If you encounter issues where the installation can not find something that is normally provided by the OS (i.e. not one of the dependencies in your module environment), you may need to resort to a similar approach.

The writeable overlay

The writeable overlay in the container is known to be a bit slow sometimes. Thus, we have seen tests failing because they exceed some timeout (e.g. this issue).

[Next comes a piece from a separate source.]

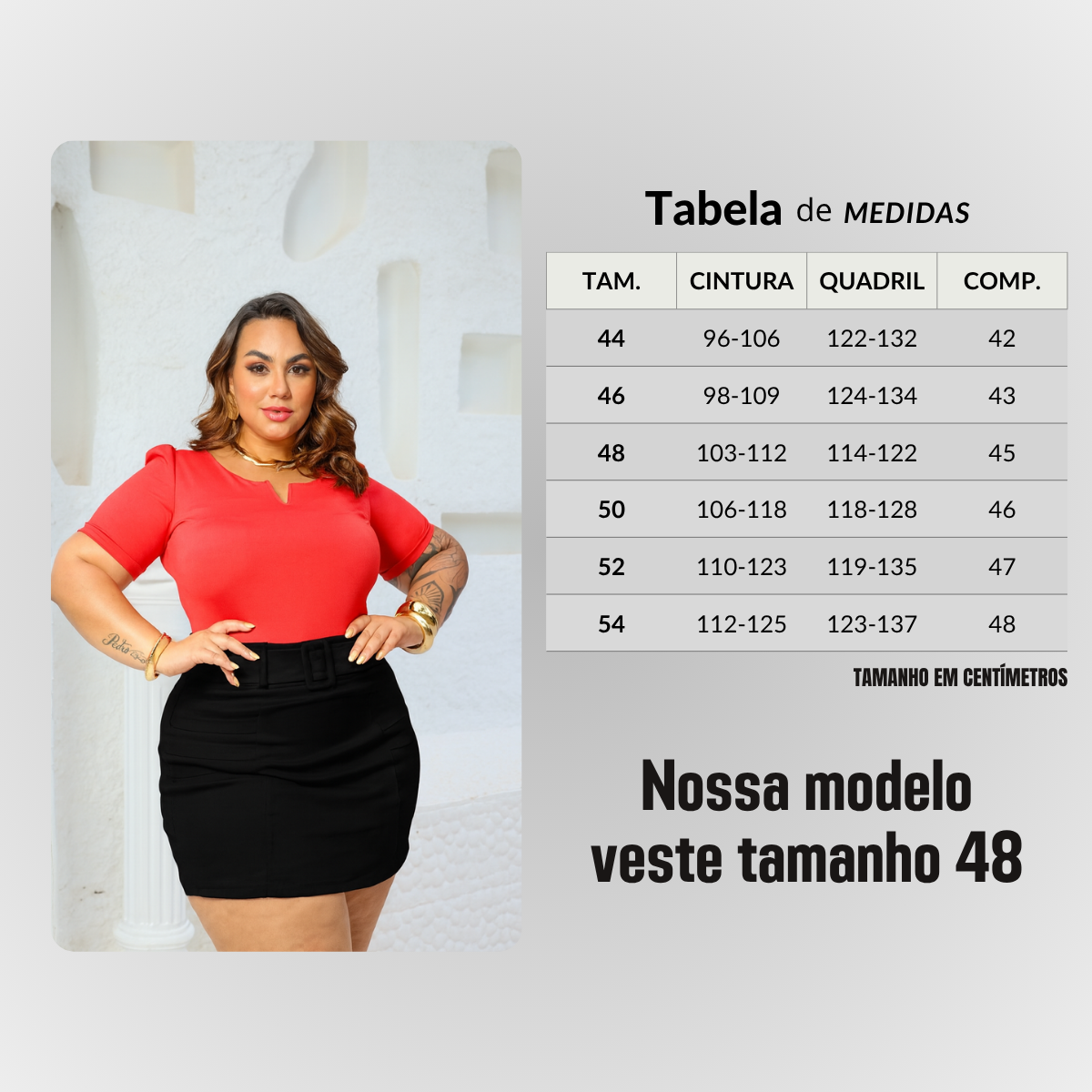 - Modelagem: Short saia, plus size
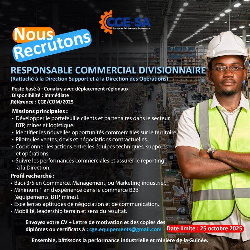 (équipements, BTP, mines). - Excellentes aptitudes de négociation et de communication.

To investigate if the writeable overlay is somehow the issue, you can make sure the installation gets done somewhere else, e.g. in the temporary directory in /tmp that you created as workdir. To do this, set

export EASYBUILD_INSTALLPATH=${WORKDIR}

after the step in which you have sourced the configure_easybuild script. Note that in order to find (with module av) any modules that get installed here, you will need to add this path to the MODULEPATH:

module use ${EASYBUILD_INSTALLPATH}/modules/all

Then, retry building the software (as described above). If the build now succeeds, you know that indeed the writeable overlay caused the issue. We have to build in this writeable overlay when we do real deployments. Thus, if you hit such a timeout, try to see if you can (temporarily) modify the timeout value in the test so that it passes.